### Given material:
• • • • •

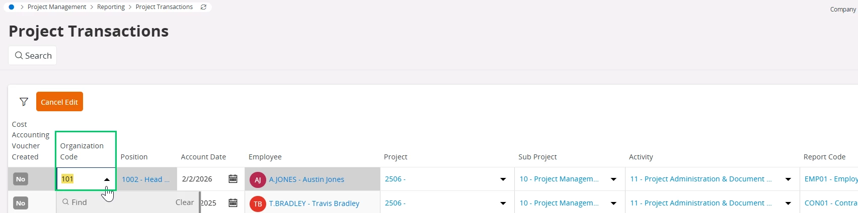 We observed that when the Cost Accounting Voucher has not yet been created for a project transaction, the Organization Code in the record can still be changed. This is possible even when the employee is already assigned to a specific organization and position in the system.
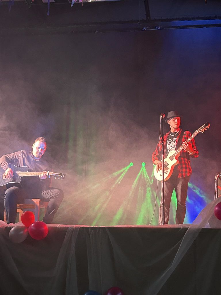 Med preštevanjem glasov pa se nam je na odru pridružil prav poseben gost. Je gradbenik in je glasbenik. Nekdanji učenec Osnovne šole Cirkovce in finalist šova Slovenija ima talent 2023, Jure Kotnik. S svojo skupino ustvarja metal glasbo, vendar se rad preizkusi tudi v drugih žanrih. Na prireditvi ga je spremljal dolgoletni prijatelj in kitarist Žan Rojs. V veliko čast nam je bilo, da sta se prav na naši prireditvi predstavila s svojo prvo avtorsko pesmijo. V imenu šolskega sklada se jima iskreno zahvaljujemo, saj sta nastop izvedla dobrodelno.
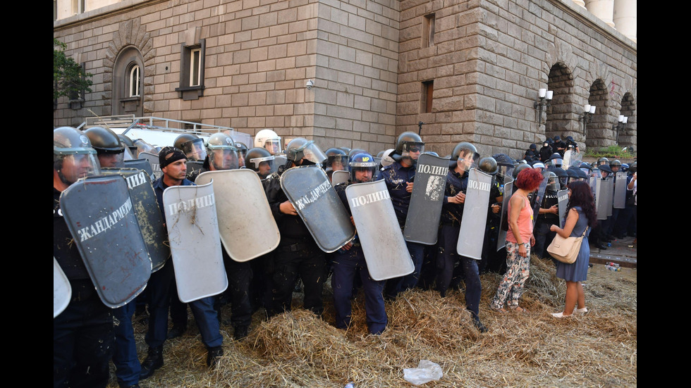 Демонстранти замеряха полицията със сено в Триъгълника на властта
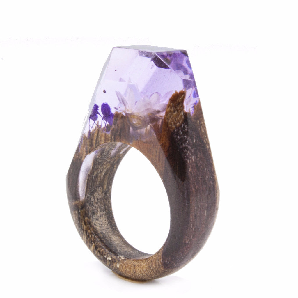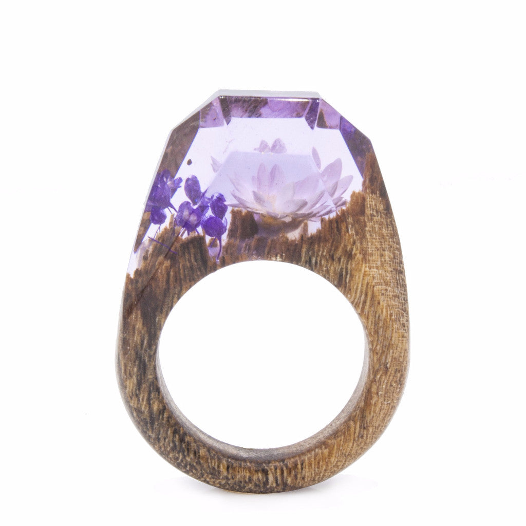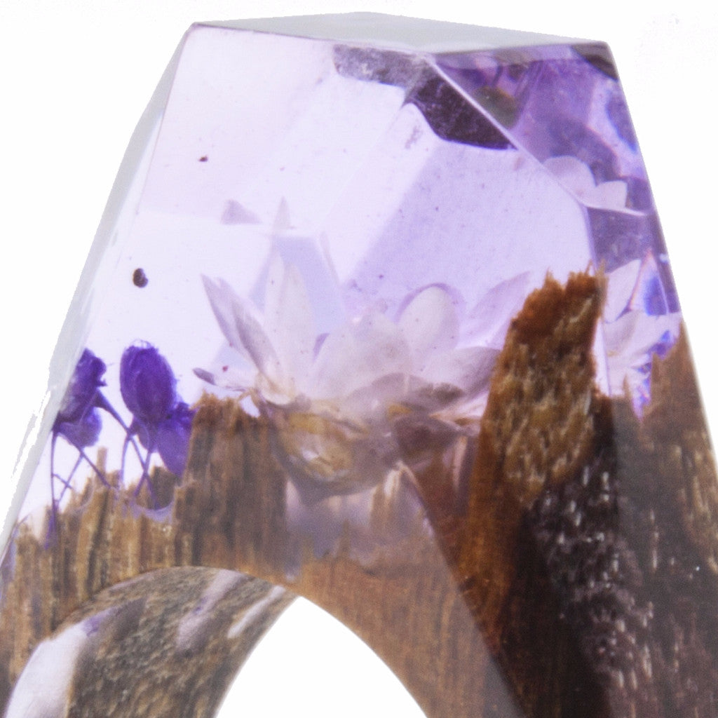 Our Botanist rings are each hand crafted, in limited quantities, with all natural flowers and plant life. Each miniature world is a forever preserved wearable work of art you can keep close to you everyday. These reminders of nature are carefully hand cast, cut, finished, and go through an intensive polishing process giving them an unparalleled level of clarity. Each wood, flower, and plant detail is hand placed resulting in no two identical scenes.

• • • • •

Every line between the one containing "Med preštevanjem glasov" and the end of the listing, both included, needs to be retyped exactly, minus the pictures.

 Med preštevanjem glasov pa se nam je na odru pridružil prav poseben gost. Je gradbenik in je glasbenik. Nekdanji učenec Osnovne šole Cirkovce in finalist šova Slovenija ima talent 2023, Jure Kotnik. S svojo skupino ustvarja metal glasbo, vendar se rad preizkusi tudi v drugih žanrih. Na prireditvi ga je spremljal dolgoletni prijatelj in kitarist Žan Rojs. V veliko čast nam je bilo, da sta se prav na naši prireditvi predstavila s svojo prvo avtorsko pesmijo. V imenu šolskega sklada se jima iskreno zahvaljujemo, saj sta nastop izvedla dobrodelno.
 Демонстранти замеряха полицията със сено в Триъгълника на властта
 Our Botanist rings are each hand crafted, in limited quantities, with all natural flowers and plant life. Each miniature world is a forever preserved wearable work of art you can keep close to you everyday. These reminders of nature are carefully hand cast, cut, finished, and go through an intensive polishing process giving them an unparalleled level of clarity. Each wood, flower, and plant detail is hand placed resulting in no two identical scenes.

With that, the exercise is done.